The bond investment remains in the French market for the moment, Manteau says, because euro bond spreads do not have the required maturity yet.
However Manteau hopes that the mutuality code will pass over to a European standard level further down the line, which would allow further investment in Euroland bonds when the market matures.
“Euroland is still constrained, however, for a large part by budgetary problems, because although there is a single European monetary policy the numerous country political budgets still play an major role - but this should change.
“Furthermore, the euro bond spread market still currently lacks the maturity of its US counterpart, which we would require to invest”, he says.
“This will change when the market ripens for bonds and high quality issues and it becomes possible to do euro spreads with proportions extremely well calculated in risk terms.” But he stresses: “First and foremost the fund has to think about preserving capital, because of the background of mutuality. However, the 3% mutuality level was selected in 1994 at the launch of Capimed when interest rates on state borrowing were at 8.5%, which is certainly not the case today - so we would almost certainly look to diversify the bond investment if the conditions were right.”
The long term perspective of pension funding is also prompting Capimed to increase its portion of convertible bonds.
“Once again though we have to consider the constraints of the fund guarantee, so we buy convertible bonds which have a relatively low price against their reimbursement,” says Manteau. He adds: “For fiscal reasons, the reimbursement premium - the difference between the purchase price of the security and the level of pension reimbursement should not exceed 10%.
On the equities side the risk control factor is similarly high. “We invest principally in French large cap stocks, firstly because the mutuality regulation here hasn’t evolved and we are obliged to buy stocks quoted on a French stock exchange.

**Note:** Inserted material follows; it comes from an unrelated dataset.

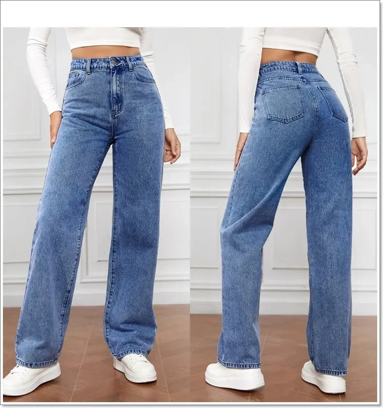 Durable & Stylish: Crafted from premium denim fabric, these jeans offer exceptional durability and a stylish appearance, ensuring a trendy look in spring, autumn, and winter without compromising comfort.Classic Wide-Leg Design: Featuring a timeless wide-leg cut, these jeans add a sophisticated and retro-inspired touch to your look, perfect for creating a chic and elongated silhouette.Practical Pocket Detail: Elevate your outfit with the classic front and back pockets that enhance both style and functionality. These pockets offer convenient storage for small essentials like keys or a phone.Flattering Fit: Designed in a wide-leg fit, these women’s jeans flatter various body shapes and provide a comfortable wearing experience, allowing you to showcase confidence and a fashionable appearance effortlessly.Versatile Styling: Perfect for various occasions, these jeans pair seamlessly with crop tops, blouses, or sweaters. Customize your look by accessorizing with different shoes, bags, and jewelry to suit settings from daily commutes to casual outings or even retro-themed events.
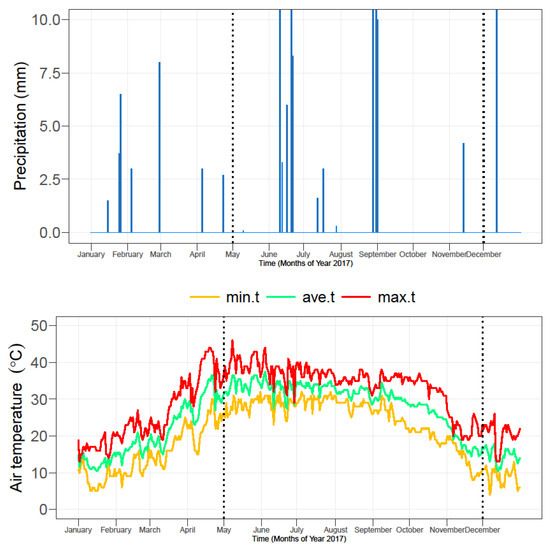 The average minimum, maximum and mean air temperature and rainfall in Multan, Pakistan during 2017. The dotted lines show the duration of experiment.

If not, they are regarded as foreign stocks, and we can only invest up to 1.5% of assets in foreign stocks.
“Secondly, risk awareness is vital, because if we buy a share at a figure of say 99 and it is worth 70 at the end of the year we still have to undergo the same rigorous accounting provisions as we would for bonds.
“We hope this regulation may also change and that all stocks quoted on a Euroland stock exchange will become ‘domestic’ which would give us more latitude and allow us to diversify our equity investments.”
Manteau says it is also possible to have up to 30% in property under the regulations, but says for the moment Capimed has very little, although they do have convertible bonds in the property sector.
“We prefer liquid assets for the moment, but we could envisage a move to indirect property holdings in the future.
“For the time being though we have enough work researching and checking performance for our bonds and equities, and ensuring that we have paid sufficient attention to our accounting and guarantee limits.”
Manteau believes though that Capimed certainly reflects the thrust of the way the French pensions argument is going
“I think that taking into account the demographic issues facing France today and the fact that the country’s PAYG system will not be able to continue offering the same benefit levels, people will want
to make their retirement as comfortable as possible.” Undoubtedly, there will be some kind of complementary, personalised capitalisation system brought in alongside today’s system to enable them do so.”